Invisible XML (ixml) is a technique for treating any parsable format as if it were XML, and thus allowing any parsable object to be injected into an XML pipeline. It uses a notation for describing data formats that are to be parsed.

Earlier papers on ixml discuss the design of the notation based on functional requirements of the language. This paper discusses changes to the design following experience with using it, giving examples of its use to develop data descriptions, and, in passing suggests other output formats.

Contents

Usability

The study of usability is typically carried out in the field of human-computer interaction [Shneiderman]. Although there are a small number of definitions of what usability is, all agree on three basic points [ISO], the degree to which you have:

Some definitions add learnability to this, and some add a related concept, memorability, which is the ability to return after some time and start using it with less effort than initially; however, others argue that these are orthogonal concepts, and that something that is inherently hard to learn can still be usable despite a steep learning curve.

Notations

That notations can affect what is achievable with them is long known. An obvious example is the notation for numbers: the Roman notation CXXVIII is reasonably good for representing the number 128, and is just about acceptable for addition, since with a few simple rules it is possible to add two numbers represented with Roman numerals together, but it is close to impossible to do multiplication in any general way using the numerals alone.

On the other hand, the indo-arabic system that we now use is good for representing numbers, and makes it easy to both add and multiply.

Invisible XML

Invisible XML [ixml1, ixml2, ixml3] is a methodology for treating heterogenous data representations so that they can be processed as XML: as long as the external data representation is parsable, it is possible to create an internal representation of the data that can further be treated as if it originated from an XML representation, or that can be serialised so that it really is XML, for input to other tools.

Data Descriptions

Ixml works by using context-free grammars [Aho] to describe the format of documents to be converted. A general parsing algorithm, such as Earley [Earley], is then used to create a parse-tree for the parsed document. This parse tree is then pruned, and the result can be treated as an internal representation of an XML instance, for processing or serialisation.

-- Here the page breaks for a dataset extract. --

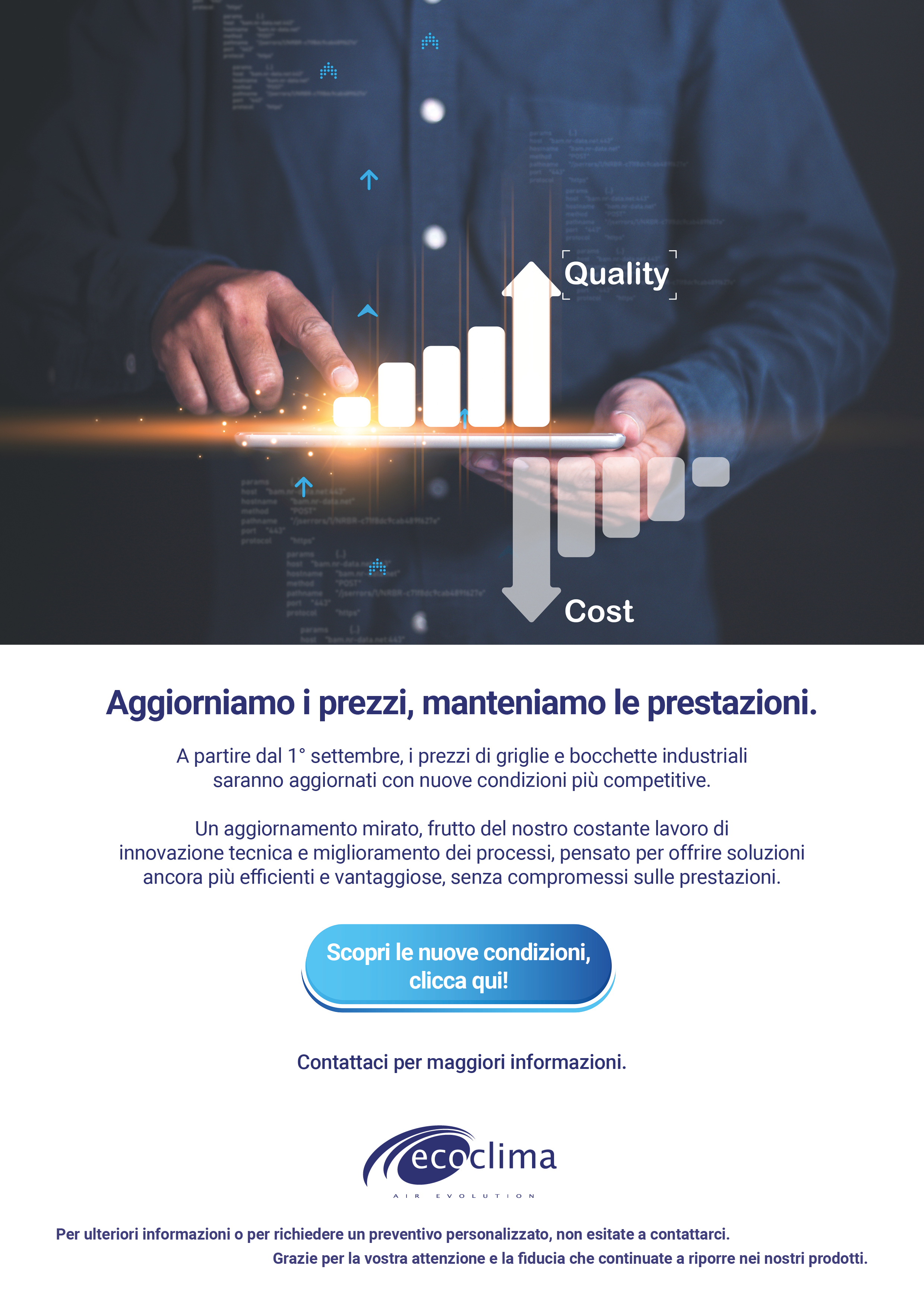 Dal 1° settembre i prezzi di griglie e bocchette industriali saranno aggiornati con condizioni più competitive. Un passo avanti frutto di innovazione e miglioramento continuo, per offrirti sempre il massimo.

Using a general-purpose parsing algorithm means that users don't have to be aware of the special rules for languages that are dictated by some types of parsing algorithm, and further, widens the class of languages that can be described.

In the initial design of ixml [ixml1], focus was put on the functional requirements of the data description language: it was necessary to be able to specify the input format, and describe how to prune the resulting parse-tree to only deliver the useful parts for extracting the enclosed data.

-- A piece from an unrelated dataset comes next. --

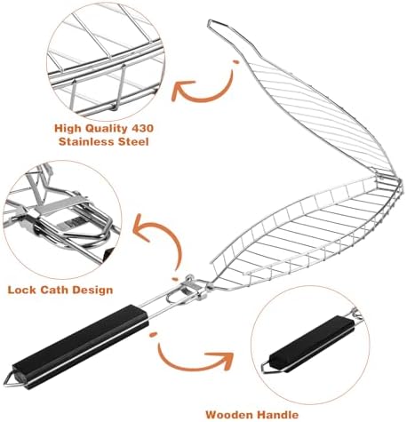- Lockable Feature and Optimal Grid Gap: The lockable design of the grill basket securely holds food in place, making it effortless to flip grilled items. The grid gaps are precisely sized to ensure even heat distribution while preventing smaller food pieces from falling through

There are two parts to a grammar: the non-terminal symbols, roughly speaking describing the semantic concepts represented in a language, and the terminal symbols used to express the language.

Terminal symbols can have intrinsic role, an extrinsic role, or a structural role. For instance, to represent "the sum of a and b", you might write "(a+b)". The characters "a" and "b" are intrinsic, change them and you change the meaning; "+" is extrinsic, since it only identifies that addition is involved; indeed if you change it to "×" the meaning changes, but in a different way; finally the brackets add nothing essential to the meaning, and are only used as punctuation and to disambiguate similar forms.

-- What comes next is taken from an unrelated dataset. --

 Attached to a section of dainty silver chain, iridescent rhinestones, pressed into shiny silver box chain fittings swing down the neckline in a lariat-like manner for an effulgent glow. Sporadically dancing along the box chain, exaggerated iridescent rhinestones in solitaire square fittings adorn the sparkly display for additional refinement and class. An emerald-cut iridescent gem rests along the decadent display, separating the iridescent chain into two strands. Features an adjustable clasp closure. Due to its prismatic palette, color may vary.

Nonterminals also have three roles. Intrinsic, where they represent a semantic concept in a language, such as "statement" in a programming language; structural, where they are used for disambiguation and structuring, such as "factor" in an expression, and finally refining, where a name is given largely for convenience to a syntactic structure than can occur in different places in a language.

In the original design, since terminal symbols were almost never intrinsic, it was decided to exclude them by default from the parse-tree, and required specific marking to include a symbol. On the other hand since nonterminals were the sine qua non of a parse tree, they were included by default, and required specific marking to exclude them.

Exclusions were always marked at the use of a symbol rather than its definition, since that meant that symbols generally were more useful in their use in the descriptions, and since inclusions were by definition only possible at the point of use (since terminal symbols are only used, and have no further definition).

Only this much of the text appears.